### [Prompt]
Output the listing below verbatim, but drop the images.

### [Information supplied]
::::::::::
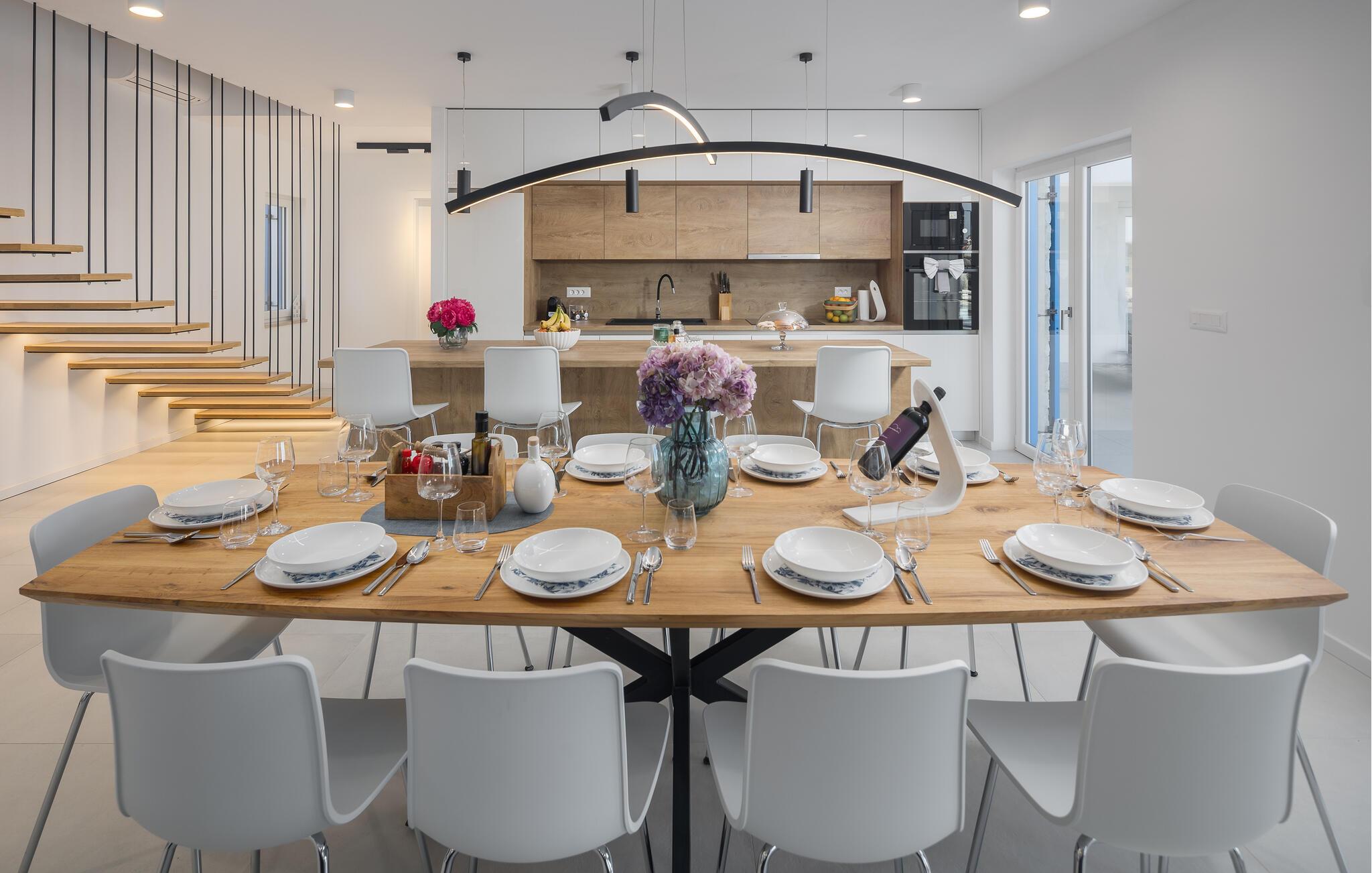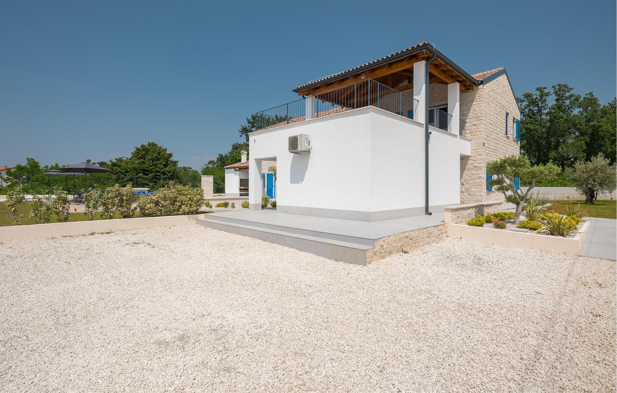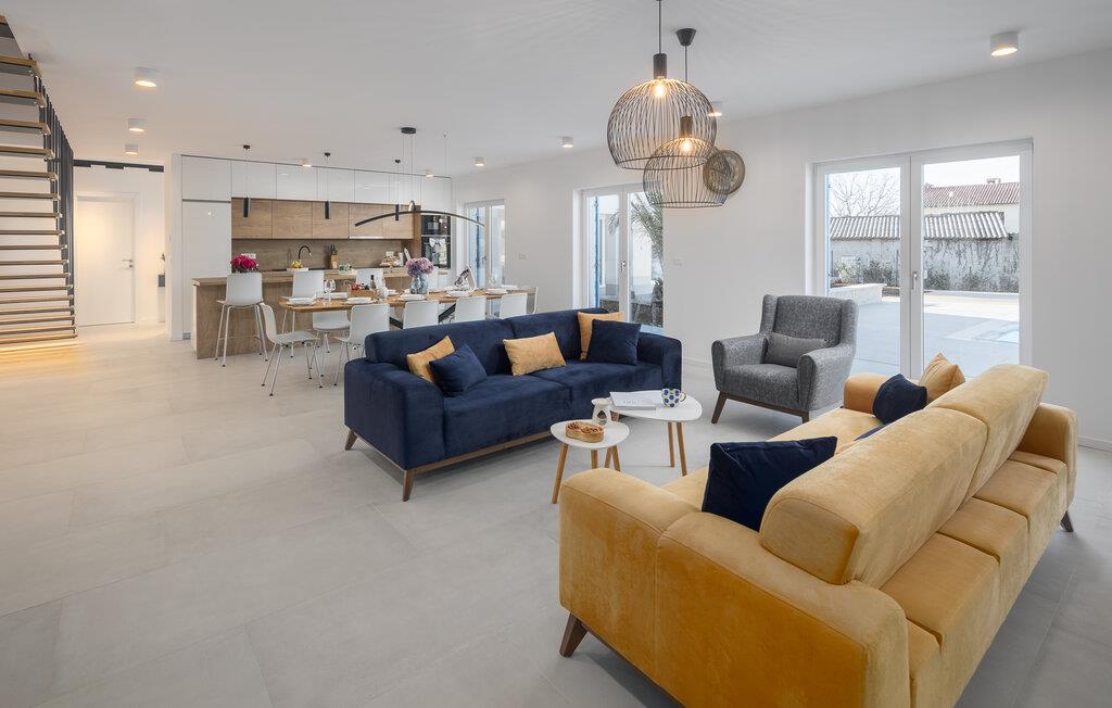 Den moderne indretning i jeres rummelige feriehus i den maleriske by Rapavel gør det til det ideelle tilflugtssted for familier og grupper. Stilfuld indretning med lyse, rummelige værelser venter på jer i huset. I stuen inviterer komfortable sofaer og en pejs jer til at tilbringe hyggelige aftener. Det åbne spise- og køkkenområde er fuldt udstyret. Fra en moderne køkkenø til et stort spisebord, hvor I kan spise med familien, alt er tilgængeligt her. Til jeres afslapning er der en privat sauna og et spabad til rådighed, som afrunder oplevelsen i huset.
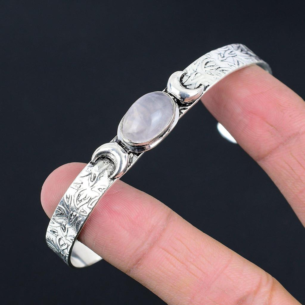 Подарок для нее Натуральный браслет из розового кварца Полумесяц Регулируемый серебро 925 пробы
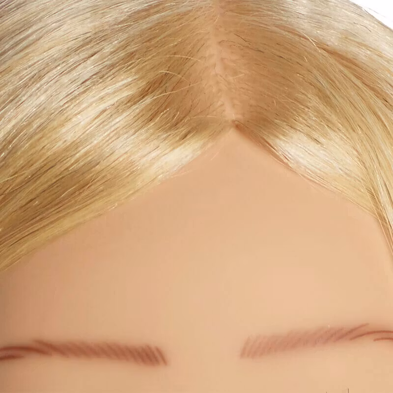 Ett ljusblont träningshuvud med ca 35 cm hårlängd och en fin nyans på nivå 9. Håret består av 80 % äkta hår och 20 % jak-hår, vilket ger en extra lätt och flexibel textur som är utmärkt att styla. Eftersom håret är implanterat från hjässan faller det naturligt och gör det möjligt att arbeta precist med klippning, färgning och föning, liksom med inrullningstekniker, fingerwaves eller luggarbeten. Ett ljusblont övningshuvud som ger realistiska resultat.
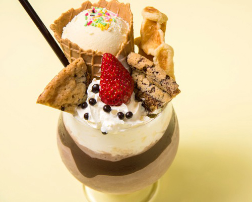 つめた〜いチョコレートシェイクにホイップクリームや、焼き菓子、ワッフルコーン入りのバニラアイスをトッピングしたまさに見た目もゴージャスな『ラグジュアリーミルクシェイク』。
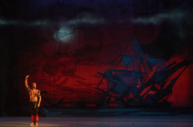 《海盜》自首次亮相就追求豪邁的舞臺奇觀,人物眾多,布景和服裝極盡華美,音樂、舞蹈和演出整體的色彩絢爛至極。馬林斯基的這個(gè)演出版本,通過投影、繪景和實(shí)景的結(jié)合,打造出美輪美奐的劇場視聽效果。大幕拉開,投屏畫面和繪制景片重疊的視覺效果,瞬間將觀眾帶到風(fēng)暴中的海面。實(shí)體的巨大海盜船在濃云和巨浪的畫片里穿行,借助燈光的魔力,現(xiàn)場看起來比好萊塢大片《加勒比海盜》的特效畫面還要驚人。道具海盜船尺寸巨大,船身比成人還高,船體上的帆和繩索細(xì)節(jié)完備,四位男女主角穩(wěn)坐在上面仍顯得很寬敞,舞團(tuán)希望借此還原海上生活的美好想象。
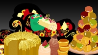 フジテレビテレビ 放送天下のSMAP×SMAPのブリッジアニメーションを制作させていただきました。 真夜中でも、食いしん坊怪獣はお菓子を食べ放題。でもでも、寝る前にはきちんと歯を磨かないと大変なことになりますよというメッセージがこもっております。
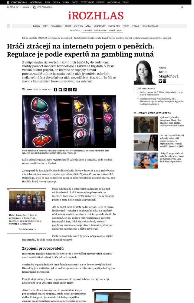 S vytipováním rizikových hazardních hráčů by do budoucna mohly pomoct moderní technologie a takzvaná big data. V Česku vzniká pilotní projekt, do kterého se zapojily hlavní provozovatelé on-line hazardu. Podle nich je potřeba ochránit rizikové hráče a zbytečně na nich nevydělávat. Hazardní hráči se navíc z kamenných heren přesouvají na internet.
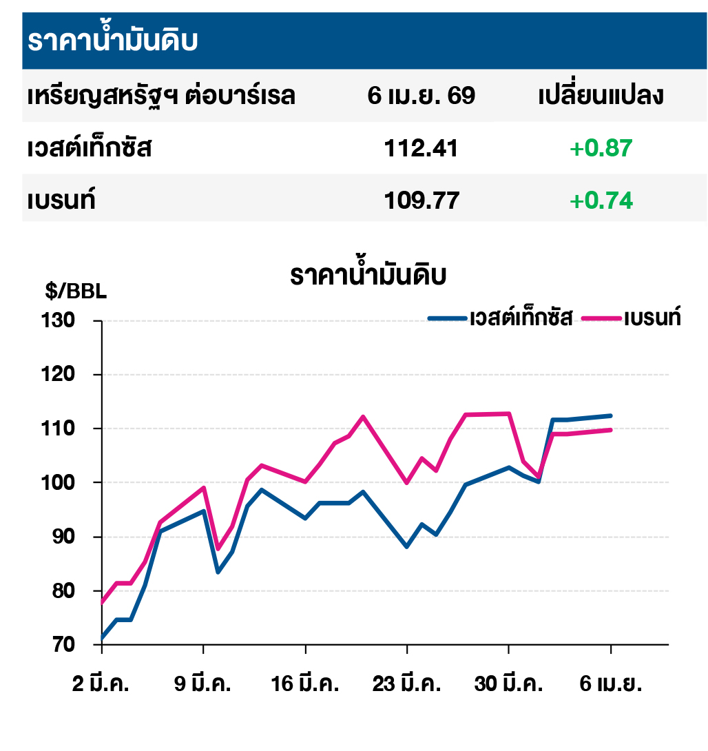 (+) ราคาน้ำมันดิบเวสต์เท็กซัสและเบรนท์ปรับเพิ่มขึ้นเล็กน้อย หลังสหรัฐฯ และอิหร่านได้รับกรอบแผนการยุติความขัดแย้งแล้ว แต่อิหร่านมีการปฏิเสธการหยุดยิงโดยทันทีและยังคงปฏิเสธการเปิดช่องแคบฮอร์มุซอีกครั้ง ประกอบกับประธาธิบดีของสหรัฐฯ โดนัลด์ ทรัมป์ ได้เพิ่มแรงกดดันต่ออิหร่านโดยการขมขู่ว่าจะมีการโจมตีเตหะราน เมืองหลวงของอิหร่าน รวมถึงโครงสร้างพื้นฐานทางพลังงานอย่างโรงไฟฟ้า หากอิหร่านไม่สามารถบรรลุข้อตกลงภายในวันอังคารที่ 7 เม.ย. 69 ทั้งนี้นักวิเคราะห์หลายรายมองว่าสถานการณ์ความขัดแย้งในภูมิภาคตะวันออกกลางยังคงมีความไม่แน่นอนสูง
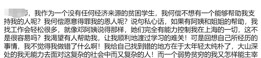 他通篇把自己伪装成一个受害者,谴责孙俪母女说要资助他到大学毕业,却不守承诺中途停止资助。他说他错就错在太年轻太淳朴了,从大山里走出的他没有能力去面对这个复杂的社会复杂的人,还说自己太幼稚,不懂得和言不由衷的人交往,而弱势贫穷的他又能怎么办呢!
::::::::::
### [Exercise output]
 Den moderne indretning i jeres rummelige feriehus i den maleriske by Rapavel gør det til det ideelle tilflugtssted for familier og grupper. Stilfuld indretning med lyse, rummelige værelser venter på jer i huset. I stuen inviterer komfortable sofaer og en pejs jer til at tilbringe hyggelige aftener. Det åbne spise- og køkkenområde er fuldt udstyret. Fra en moderne køkkenø til et stort spisebord, hvor I kan spise med familien, alt er tilgængeligt her. Til jeres afslapning er der en privat sauna og et spabad til rådighed, som afrunder oplevelsen i huset.
 Подарок для нее Натуральный браслет из розового кварца Полумесяц Регулируемый серебро 925 пробы
 Ett ljusblont träningshuvud med ca 35 cm hårlängd och en fin nyans på nivå 9. Håret består av 80 % äkta hår och 20 % jak-hår, vilket ger en extra lätt och flexibel textur som är utmärkt att styla. Eftersom håret är implanterat från hjässan faller det naturligt och gör det möjligt att arbeta precist med klippning, färgning och föning, liksom med inrullningstekniker, fingerwaves eller luggarbeten. Ett ljusblont övningshuvud som ger realistiska resultat.
 つめた〜いチョコレートシェイクにホイップクリームや、焼き菓子、ワッフルコーン入りのバニラアイスをトッピングしたまさに見た目もゴージャスな『ラグジュアリーミルクシェイク』。
 《海盜》自首次亮相就追求豪邁的舞臺奇觀,人物眾多,布景和服裝極盡華美,音樂、舞蹈和演出整體的色彩絢爛至極。馬林斯基的這個(gè)演出版本,通過投影、繪景和實(shí)景的結(jié)合,打造出美輪美奐的劇場視聽效果。大幕拉開,投屏畫面和繪制景片重疊的視覺效果,瞬間將觀眾帶到風(fēng)暴中的海面。實(shí)體的巨大海盜船在濃云和巨浪的畫片里穿行,借助燈光的魔力,現(xiàn)場看起來比好萊塢大片《加勒比海盜》的特效畫面還要驚人。道具海盜船尺寸巨大,船身比成人還高,船體上的帆和繩索細(xì)節(jié)完備,四位男女主角穩(wěn)坐在上面仍顯得很寬敞,舞團(tuán)希望借此還原海上生活的美好想象。
 フジテレビテレビ 放送天下のSMAP×SMAPのブリッジアニメーションを制作させていただきました。 真夜中でも、食いしん坊怪獣はお菓子を食べ放題。でもでも、寝る前にはきちんと歯を磨かないと大変なことになりますよというメッセージがこもっております。
 S vytipováním rizikových hazardních hráčů by do budoucna mohly pomoct moderní technologie a takzvaná big data. V Česku vzniká pilotní projekt, do kterého se zapojily hlavní provozovatelé on-line hazardu. Podle nich je potřeba ochránit rizikové hráče a zbytečně na nich nevydělávat. Hazardní hráči se navíc z kamenných heren přesouvají na internet.
 (+) ราคาน้ำมันดิบเวสต์เท็กซัสและเบรนท์ปรับเพิ่มขึ้นเล็กน้อย หลังสหรัฐฯ และอิหร่านได้รับกรอบแผนการยุติความขัดแย้งแล้ว แต่อิหร่านมีการปฏิเสธการหยุดยิงโดยทันทีและยังคงปฏิเสธการเปิดช่องแคบฮอร์มุซอีกครั้ง ประกอบกับประธาธิบดีของสหรัฐฯ โดนัลด์ ทรัมป์ ได้เพิ่มแรงกดดันต่ออิหร่านโดยการขมขู่ว่าจะมีการโจมตีเตหะราน เมืองหลวงของอิหร่าน รวมถึงโครงสร้างพื้นฐานทางพลังงานอย่างโรงไฟฟ้า หากอิหร่านไม่สามารถบรรลุข้อตกลงภายในวันอังคารที่ 7 เม.ย. 69 ทั้งนี้นักวิเคราะห์หลายรายมองว่าสถานการณ์ความขัดแย้งในภูมิภาคตะวันออกกลางยังคงมีความไม่แน่นอนสูง
 他通篇把自己伪装成一个受害者,谴责孙俪母女说要资助他到大学毕业,却不守承诺中途停止资助。他说他错就错在太年轻太淳朴了,从大山里走出的他没有能力去面对这个复杂的社会复杂的人,还说自己太幼稚,不懂得和言不由衷的人交往,而弱势贫穷的他又能怎么办呢!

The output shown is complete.